Las respuestas a ambas preguntas parecen ahora claras. El peronismo no conviviría bien con la escasez y el esquema que permitió ganar las elecciones no serviría para conducir al país. Cada una de las situaciones ha operado como causa de la otra. Ante los desafíos de la escasez, era necesario un acuerdo interno acerca de quién ejercía el poder y con qué herramientas. Al no existir ese acuerdo, las distintas fuerzas del Frente se anularon entre sí y la escasez era más dura porque el gobierno, al mismo tiempo, no podía poner en marcha un plan congruente y perdía autoridad.

El Presidente no podía respaldar a un ministro de Economía, implementar una política energética agresiva, articular un plan de seguridad en las provincias más afectadas, tratar de conducir el servicio de suministro de electricidad para que no se produjeran cortes, diseñar un plan antiinflacionario. Una multitud de decisiones se procastinaban porque no había acuerdo, o se tomaban a medias. La escasez ahondaba las diferencias, y las diferencias profundizaban la escasez.

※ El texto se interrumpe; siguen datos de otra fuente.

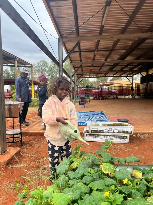 While the red sands of Kintore might suggest difficulty in agriculture, primary school students at the local school carried out a defiant mission against the odds, and now as a result have a beautiful garden they are all incredibly proud of.

La desunión obedece a un problema estructural. El peronismo está dividido aunque se presente unido y las posturas de cada sector resultan incompatibles. Para ganar una elección, Cristina Kirchner necesita de aliados a los que detesta. Y los otros precisan a Cristina, a quien resisten. Nada de eso ha cambiado. Durante una década fueron a las urnas separado. Ahora han ido juntos. Pero, en lo esencial, siguen separados. La situación del país plantea exigencias urgentes que requieren de un enfoque, al menos coherente. Pero los líderes del peronismo no pueden ni tomar un café solos. Nada de eso ha cambiado. Al final del tobogán siempre está el arenero, dijo alguna vez Anibal Fernández. Efectivamente.

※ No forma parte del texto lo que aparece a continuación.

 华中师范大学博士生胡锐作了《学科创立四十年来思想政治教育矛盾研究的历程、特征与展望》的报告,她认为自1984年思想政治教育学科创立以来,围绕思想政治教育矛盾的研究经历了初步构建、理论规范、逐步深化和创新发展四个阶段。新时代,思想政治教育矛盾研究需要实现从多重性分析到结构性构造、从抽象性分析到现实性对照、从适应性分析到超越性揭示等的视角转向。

La cuestión es que otro mandato presidencial está por terminar y la inflación, que era de 25 por ciento en 2015, y superaba el 50 por ciento en 2019, ya trepó por encima del 100 en 2023. El próximo presidente asumirá con la sensación que han tenido todos sus antecesores: que el tema no se resolvió porque los demás fueron incapaces. Si es así, será otro mal comienzo. La inflación se ha hecho un picnic, a lo largo de las décadas, con todos aquellos que la subestimaron. La última víctima de esa lógica se llama Sergio Massa. ¿Cuál será el nombre del ingenuo que crea que a él, sí, el temita le resultará sencillo? ¿A cuánto llevará la inflación ese iluso al final de su mandato?